Weak links in organisations are the primary contributors to the increasingly dynamic threat landscape, stated a Cisco Midyear Security report released today. These weak links, which could be outdated software, bad code, abandoned digital properties, or user errors, contribute to the adversary’s ability to exploit vulnerabilities with methods such as DNS queries, exploit kits, amplification attacks, point-of-sale (POS) system compromise, malvertising, ransomware, infiltration of encryption protocols, social engineering and “life event” spam.
The report also shows that focus on only high-profile vulnerabilities rather than on high-impact, common and stealthy threats puts these organisations at greater risk. By proliferating attacks against low-profile legacy applications and infrastructure with known weaknesses, malicious actors are able to escape detection as security teams focus instead on boldface vulnerabilities, such as Heartbleed.
Researchers closely examined 16 large multinational organisations, who, as of 2013, collectively controlled over $4 trillion in assets with revenues in excess of $300 billion. This analysis yielded three compelling security insights tying enterprises to malicious traffic, “Nearly 94% of customer networks observed in 2014 have been identified as having traffic going to websites that host malware. Specifically, issuing DNS requests for hostnames where the IP address to which the hostname resolves is reported to be associated with the distribution of Palevo, SpyEye, and Zeus malware families that incorporate man-in-the-browser (MiTB) functionality.”

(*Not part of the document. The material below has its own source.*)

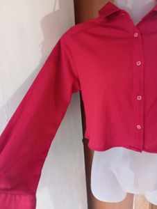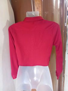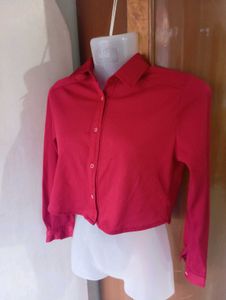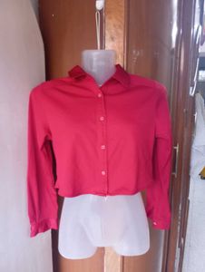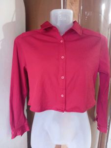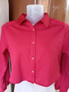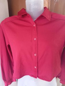Stylish red crop top shirt with a classic collar and button-down design. Perfect for casual outings or dressing up for a night out. The cropped length adds a modern touch. Pair it with high-waisted jeans or a skirt for a chic look.

Secondly, about 70% of networks were identified as issuing DNS queries for Dynamic DNS Domains. This shows evidence of networks misused or compromised with botnets using DDNS to alter their IP address to avoid detection/blacklist. Few legitimate outbound connection attempts from enterprises would seek dynamic DNS domains apart from outbound C&C callbacks looking to disguise the location of their botnet.
Lastly, about 44% of customer networks observed in 2014 have been identified as issuing DNS requests for sites and domains with devices that provide encrypted channel services, used by malicious actors to cover their tracks by exfiltrating data using encrypted channels to avoid detection like VPN, SSH, SFTP, FTP, and FTPS.

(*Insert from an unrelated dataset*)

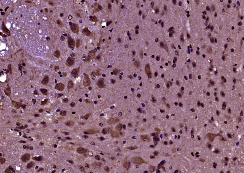 Paraformaldehyde-fixed, paraffin embedded (Mouse brain); Antigen retrieval by boiling in sodium citrate buffer (pH6.0) for 15min; Block endogenous peroxidase by 3% hydrogen peroxide for 20 minutes; Blocking buffer (normal goat serum) at 37°C for 30min; Antibody incubation with (PRODH) Polyclonal Antibody, Unconjugated (bs-5813R) at 1:400 overnight at 4°C, followed by operating according to SP Kit(Rabbit) (sp-0023) instructionsand DAB staining.

According to Cisco, the number of exploit kits has dropped by 87% since the alleged creator of the widely popular Blackhole exploit kit was arrested last year.
Java continues its dubious distinction as the programming language most exploited by malicious actors. Cisco security researchers found that Java exploits rose to 93% of all indicators of compromise (IOCs) as of May 2014, following a high point of 91% of IOCs in November 2013 as reported in the Cisco 2014 Annual Security Report.

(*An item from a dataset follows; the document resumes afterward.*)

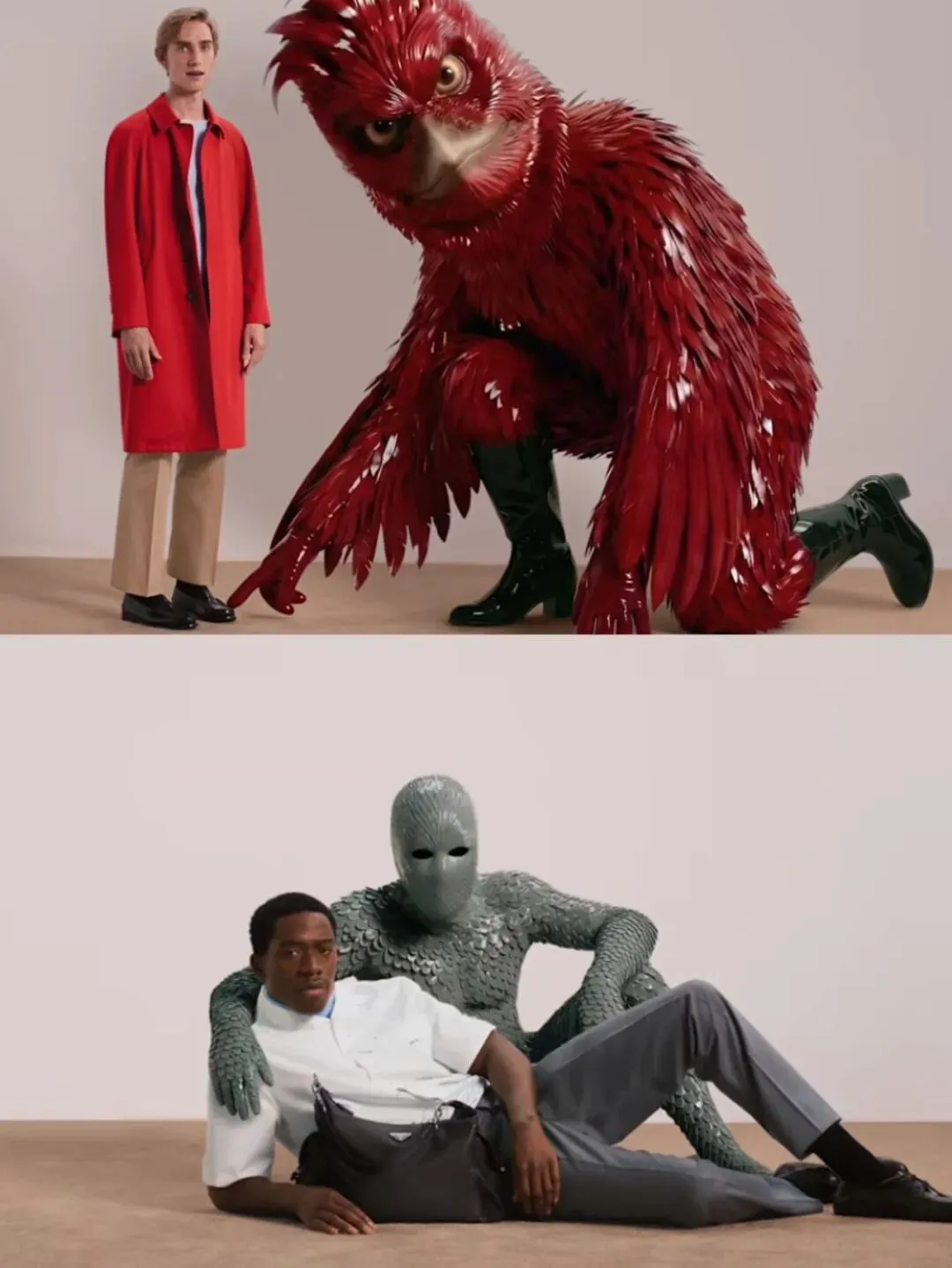 此次的核心创作艺术家是Jordan Wolfson,全程主导视觉与叙事。广告中使用了超现实的“AI感生物”:巨型、有羽毛和鳞片的大鸟与怪兽,色彩丰富,粉、红、黑、棕、绿皆有。

The report further explained that for the first half of 2014, the pharmaceutical and chemical industry, a high-profit vertical, has once again been placed in the top three high-risk verticals for web malware encounters. Media and publishing led the industry verticals posting nearly four times the median web malware encounters, and aviation slid into third place with over twice the median web malware encounters globally. The top most affected verticals by region were media and publishing in the Americas; food and beverage in EMEAR (Africa, Europe and the Middle East) and insurance in APJC (Asia-Pacific, China, Japan and India).